All Products
Search
Document Center

Container Service for Kubernetes:Manually limit the permissions of the worker RAM role of an ACK managed cluster

Last Updated:May 26, 2024

To ensure node security for an ACK managed cluster, you can manually limit the permissions of the worker Resource Access Management (RAM) role of the cluster based on the least privilege principle.

Prerequisites

Step 1: Confirm whether permission limits are required

  1. Log on to the ACK console. In the left-side navigation pane, click Clusters.

  2. On the Clusters page, click the name of the cluster that you want to manage. On the cluster details page, click the Cluster Resources tab. Click the hyperlink on the right side of Worker RAM Role to go to the RAM console.

  3. On the Permissions tab of the role details page, check whether policies are displayed.

    • If no policy is displayed, you do not need to limit the permissions of the worker RAM role.

    • If a policy is displayed, such as k8sWorkerRolePolicy-db8ad5c7***, you may need to limit the permissions of the worker RAM role. In this case, we recommend that you limit the permissions of the worker RAM role based on your requirements and the least privilege principle.

Step 2: Update system components

Update the key system components of the ACK managed cluster to the minimum required version or the latest version. For more information, see Manage system components.

Important
  • Do not update multiple components at the same time. Instead, update them one after one. Before you start to update a component, make sure that the previous component is successfully updated.

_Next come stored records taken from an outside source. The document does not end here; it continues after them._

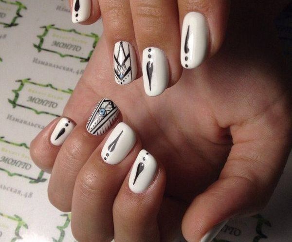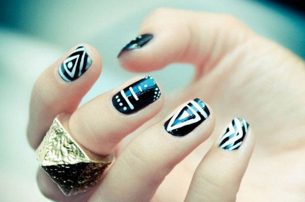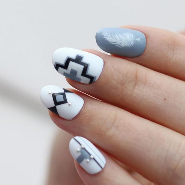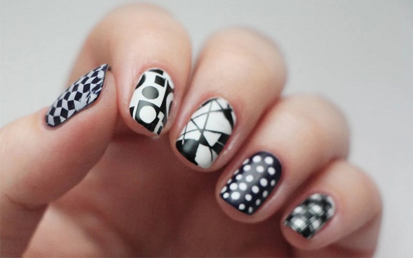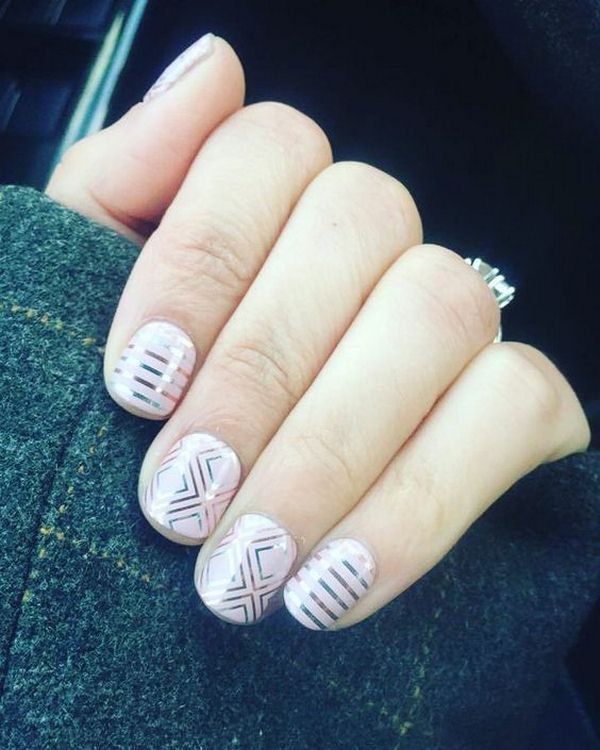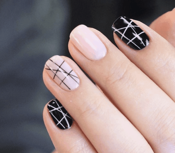 La base de la manucure géométrique est la création de toutes sortes de formes géométriques en utilisant des lignes, des traits, des zigzags et des points, qui peuvent être placés dans n'importe quel ordre ou variation.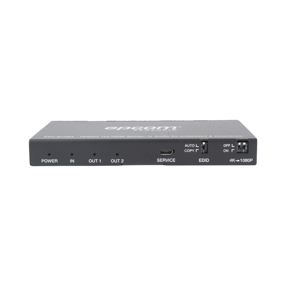- Los puertos de salida admiten derivación de señal y función de reducción de escala 4K->1080P a través del interruptor de dial en el panel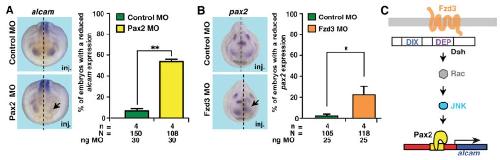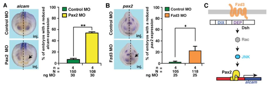 Fzd3 and Pax2 are upstream ofalcam. A. After injection of Pax2 MO, alcam expression was reduced on the injected side of the embryo at stage 21 (black arrow). A quantitative representation is given. B. After injection of Fzd3 MO, pax2 expression was mildly, but significantly reduced on the injected side of the embryo at stage 21 (black arrow). C. Schematic drawing. Fzd3 regulates alcam expression via the β-catenin independent Wnt/JNK pathway and Pax2. Abbreviations: n, number of independent experiment; N, total number of analyzed embryos. Error bars indicate standard error of the mean (s.e.m.); ** pâ¤0.01. p values were calculated by a non-parametric MannâWhitney rank sum test.

  • Before you update a component, we recommend that you read and understand the remarks of the component in the following table.

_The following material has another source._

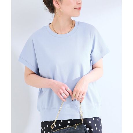 さらりとした肌触りの天竺素材を使用し暑い季節も心地よく着用いただけます。汗染みが目立ちにくい加工を施しているので、デイリー使いにも安心。裾切り替えでほんのり丸みを帯びたニュアンスフォルムに。二の腕もカバーする袖丈で、シンプルながらもさりげない立体感があり、1枚で着映えするデザイン。夏のワードローブに加えたい、機能性とデザイン性を兼ね備えたアイテムです。

Components can be installed from the Add-ons page in the ACK console or by using node pools. The following table describes how to update components installed by using the preceding methods.

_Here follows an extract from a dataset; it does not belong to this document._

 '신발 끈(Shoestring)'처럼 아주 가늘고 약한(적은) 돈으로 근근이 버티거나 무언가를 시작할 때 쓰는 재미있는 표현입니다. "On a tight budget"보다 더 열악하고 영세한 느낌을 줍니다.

Components installed from the Add-ons page

Go to the Add-ons page and update the installed components based on the descriptions in the following table. If a component is already of the minimum required version or the latest version, redeploy the component by running the corresponding command in the following table or by clicking Redeploy in the ACK console.

Component

Minimum required version

Redeploy command

Remarks

metrics-server

v0.3.9.4-ff225cd-aliyun

kubectl -n kube-system rollout restart deployment/metrics-server

None

alicloud-monitor-controller

v1.5.5

kubectl -n kube-system rollout restart deployment/alicloud-monitor-controller

None

logtail-ds

v1.0.29.1-0550501-aliyun

kubectl -n kube-system rollout restart daemonset/logtail-ds
kubectl -n kube-system rollout restart deployment/alibaba-log-controller

terway

v1.0.10.333-gfd2b7b8-aliyun

kubectl -n kube-system rollout restart daemonset/terway

  • Update the Terway component that corresponds to the Terway mode that is enabled. For more information about the Terway modes, see Introduction to Terway.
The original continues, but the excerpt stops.